→ **EXERCISE BRIEF**: Please give all of the data again, character for character, and drop the pictures.

→ **STORED DATA**:
------------------------------------------------------------
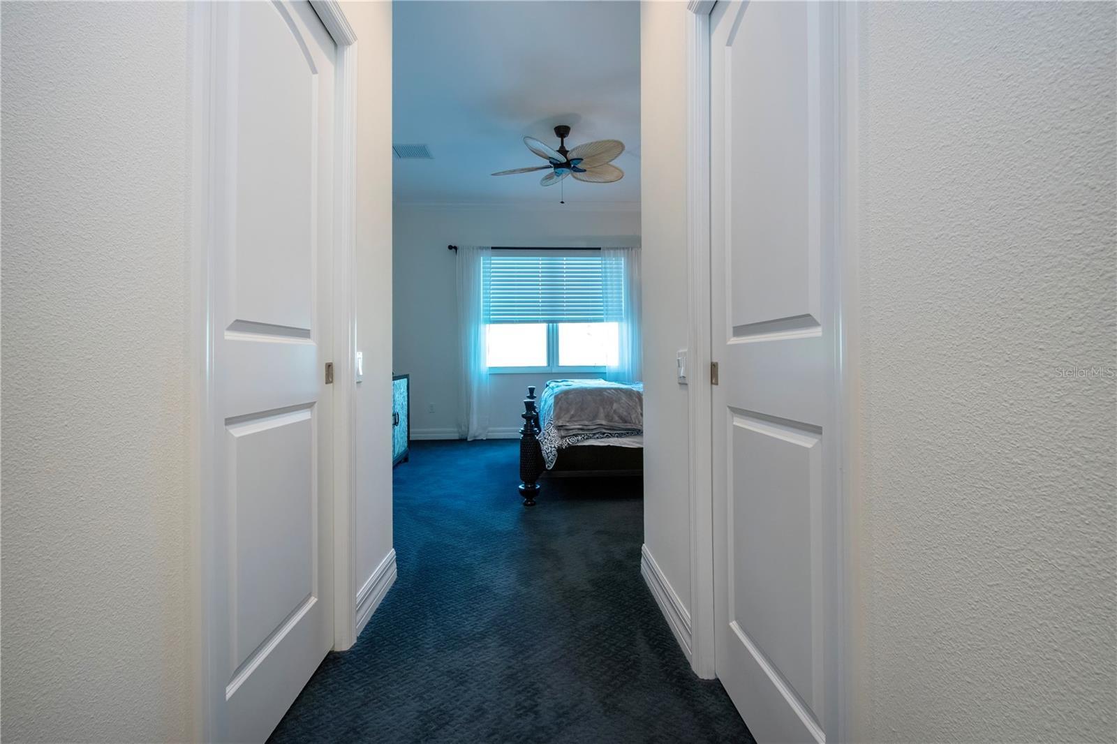 - Ceiling Fans(s), Coffered Ceiling(s), Crown Molding, Open Floorplan, Pest Guard System, Primary Bedroom Main Floor, Solid Surface Counters, Solid Wood Cabinets, Split Bedroom, Thermostat, Walk-In Closet(s), Window Treatments
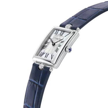 La quintessence du temps raffiné. La Classics Art Déco Carrée, avec son élégant boîtier rectangulaire de forme polie et ses bracelets cannelés, offre l'élégance ultime en apportant une sophistication intemporelle à la collection de Frederique Constant. Inspiré par les femmes sophistiquées et à la mode de la fin des années 1920, ce design se démarque du courant dominant et présente un style différent et vintage.
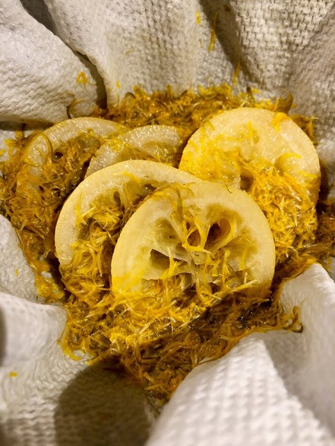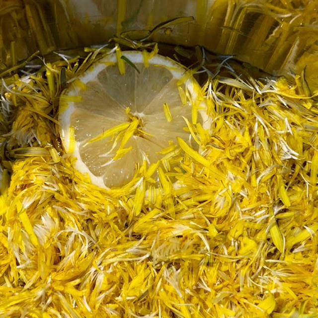 Wasser in einen Topf geben. Zitronenscheiben und die gezupften Löwenzahnblüten dazugeben und 5 Minuten kochen. Zugedeckt über Nacht stehen lassen.
------------------------------------------------------------
→ **EXERCISE OUTPUT**:
 - Ceiling Fans(s), Coffered Ceiling(s), Crown Molding, Open Floorplan, Pest Guard System, Primary Bedroom Main Floor, Solid Surface Counters, Solid Wood Cabinets, Split Bedroom, Thermostat, Walk-In Closet(s), Window Treatments
 La quintessence du temps raffiné. La Classics Art Déco Carrée, avec son élégant boîtier rectangulaire de forme polie et ses bracelets cannelés, offre l'élégance ultime en apportant une sophistication intemporelle à la collection de Frederique Constant. Inspiré par les femmes sophistiquées et à la mode de la fin des années 1920, ce design se démarque du courant dominant et présente un style différent et vintage.
 Wasser in einen Topf geben. Zitronenscheiben und die gezupften Löwenzahnblüten dazugeben und 5 Minuten kochen. Zugedeckt über Nacht stehen lassen.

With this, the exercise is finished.